Despite this anonymity, it was kept under lock and key and could only be seen by MEPs who signed a confidentiality agreement. However details did leak, prompting pressure for some action.
That action was an EU parliamentary vote in which the very parliamentarians implicated by the report got to decide whether the report should be made public.
Not surprisingly, the overwhelming majority voted no.
Think Travelgate, magnified a thousandfold, and then consider how lucky we are in South Africa to have had the opportunity for so much talk on the subject. Not so for the hapless citizens of Europe, the vast majority of whom still have no inkling about the gravy train they are funding.

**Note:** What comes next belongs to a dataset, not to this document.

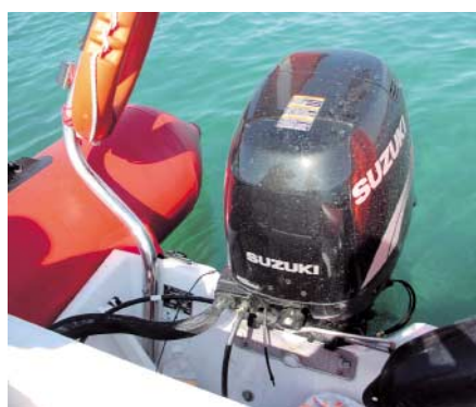
Motor je odvojen od korisnog prostora širokom klupom

dodana klupa dovoljna za jednu osobu, u koju se može smjestiti podosta neophodne brodske opreme. Klupa za skipera ima naslon i dvostruke je dužine, dovoljno da se na nju bez guranja smjeste dvije krupnije osobe, a ispod je smješten rezervoar sa gorivom. Uz njega je ostalo dovoljno mjesta za smještaj još poneke sitnice. U pramčanom dijelu je gavon koji je sastavni dio korita čamca, ali dovoljno velik za smještaj konopa, olova i ostale sitne ronilačke opreme. Kao svaki ozbiljniji radni gumenjак namijenjen ronionicima, i ovaj

Or indeed, if not to the free-thinking MEPs who voted in a bid to promote open and accountable government, perhaps Poeterring could have awarded the prize to the motley crew of Irish campaigners who had been corralled behind barbed wire a week earlier in Brussels.
These brave and tireless campaigners were in Brussels to protest against demands that Ireland vote on the new EU constitution (aka the Lisbon Treaty) again … and again … and again presumably, until it gets the answer right, which, as far as the EU elite is concerned, is yes.
The Irish protesters, who had to get permission in advance to protest, were outnumbered by police who made sure they were unable to bother the bureaucrats and politicians who are increasingly unwilling to brook any interference from the citizens of Europe.
The reality is that while China is making steady but slow progress towards a more open and democratic society, the EU is moving slowly but steadily in the opposite direction.
Perhaps China could devise something like the Mao Zedong prize for promoting opacity in a large centralised government and award it to the EU parliament?